Take the lines from the beginning of the data below through the line holding "This deep green" and return exactly those.

[Dataset items]
-- -- --

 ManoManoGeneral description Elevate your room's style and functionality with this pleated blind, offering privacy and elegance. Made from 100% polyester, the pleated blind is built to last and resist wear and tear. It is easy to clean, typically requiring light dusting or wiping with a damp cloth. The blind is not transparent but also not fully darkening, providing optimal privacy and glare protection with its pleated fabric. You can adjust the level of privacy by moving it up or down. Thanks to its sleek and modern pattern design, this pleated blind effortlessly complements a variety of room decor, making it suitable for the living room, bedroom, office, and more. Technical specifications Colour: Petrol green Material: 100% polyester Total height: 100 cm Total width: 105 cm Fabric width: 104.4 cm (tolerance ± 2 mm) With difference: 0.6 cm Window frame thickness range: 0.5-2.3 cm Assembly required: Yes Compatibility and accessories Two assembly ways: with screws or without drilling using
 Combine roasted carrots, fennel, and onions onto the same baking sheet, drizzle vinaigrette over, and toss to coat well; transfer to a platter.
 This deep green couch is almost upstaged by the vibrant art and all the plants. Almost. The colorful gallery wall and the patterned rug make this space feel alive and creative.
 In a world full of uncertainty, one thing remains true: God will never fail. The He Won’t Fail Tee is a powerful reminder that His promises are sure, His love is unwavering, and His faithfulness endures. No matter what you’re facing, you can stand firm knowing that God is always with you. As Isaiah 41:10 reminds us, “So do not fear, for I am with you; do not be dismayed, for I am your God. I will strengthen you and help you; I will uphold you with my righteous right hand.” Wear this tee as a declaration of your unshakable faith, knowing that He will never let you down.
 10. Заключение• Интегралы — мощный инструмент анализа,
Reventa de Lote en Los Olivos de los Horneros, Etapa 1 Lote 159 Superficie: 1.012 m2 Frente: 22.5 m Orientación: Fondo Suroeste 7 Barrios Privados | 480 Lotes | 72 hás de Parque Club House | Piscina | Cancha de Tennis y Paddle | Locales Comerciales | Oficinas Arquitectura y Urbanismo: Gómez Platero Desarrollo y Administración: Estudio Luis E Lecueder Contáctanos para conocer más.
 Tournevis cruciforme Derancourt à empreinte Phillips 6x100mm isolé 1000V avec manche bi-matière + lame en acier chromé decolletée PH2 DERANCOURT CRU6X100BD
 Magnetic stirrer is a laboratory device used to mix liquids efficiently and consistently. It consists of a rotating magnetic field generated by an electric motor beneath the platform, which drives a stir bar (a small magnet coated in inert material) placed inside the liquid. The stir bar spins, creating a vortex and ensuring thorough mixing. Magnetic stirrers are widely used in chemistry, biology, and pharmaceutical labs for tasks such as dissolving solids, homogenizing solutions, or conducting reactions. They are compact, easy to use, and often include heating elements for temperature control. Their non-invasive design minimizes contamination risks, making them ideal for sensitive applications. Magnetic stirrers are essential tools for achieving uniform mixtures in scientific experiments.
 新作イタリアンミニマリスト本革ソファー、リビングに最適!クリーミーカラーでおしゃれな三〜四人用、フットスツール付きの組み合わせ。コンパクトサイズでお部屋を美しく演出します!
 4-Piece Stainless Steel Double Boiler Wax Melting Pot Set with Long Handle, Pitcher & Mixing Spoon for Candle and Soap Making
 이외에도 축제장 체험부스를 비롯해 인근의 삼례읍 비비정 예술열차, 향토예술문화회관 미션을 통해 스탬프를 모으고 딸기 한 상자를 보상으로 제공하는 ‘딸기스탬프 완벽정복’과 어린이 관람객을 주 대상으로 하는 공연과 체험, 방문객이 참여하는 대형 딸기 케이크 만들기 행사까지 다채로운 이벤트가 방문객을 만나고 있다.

-- -- --

§ RESPONSE TO THE EXERCISE
 ManoManoGeneral description Elevate your room's style and functionality with this pleated blind, offering privacy and elegance. Made from 100% polyester, the pleated blind is built to last and resist wear and tear. It is easy to clean, typically requiring light dusting or wiping with a damp cloth. The blind is not transparent but also not fully darkening, providing optimal privacy and glare protection with its pleated fabric. You can adjust the level of privacy by moving it up or down. Thanks to its sleek and modern pattern design, this pleated blind effortlessly complements a variety of room decor, making it suitable for the living room, bedroom, office, and more. Technical specifications Colour: Petrol green Material: 100% polyester Total height: 100 cm Total width: 105 cm Fabric width: 104.4 cm (tolerance ± 2 mm) With difference: 0.6 cm Window frame thickness range: 0.5-2.3 cm Assembly required: Yes Compatibility and accessories Two assembly ways: with screws or without drilling using
 Combine roasted carrots, fennel, and onions onto the same baking sheet, drizzle vinaigrette over, and toss to coat well; transfer to a platter.
 This deep green couch is almost upstaged by the vibrant art and all the plants. Almost. The colorful gallery wall and the patterned rug make this space feel alive and creative.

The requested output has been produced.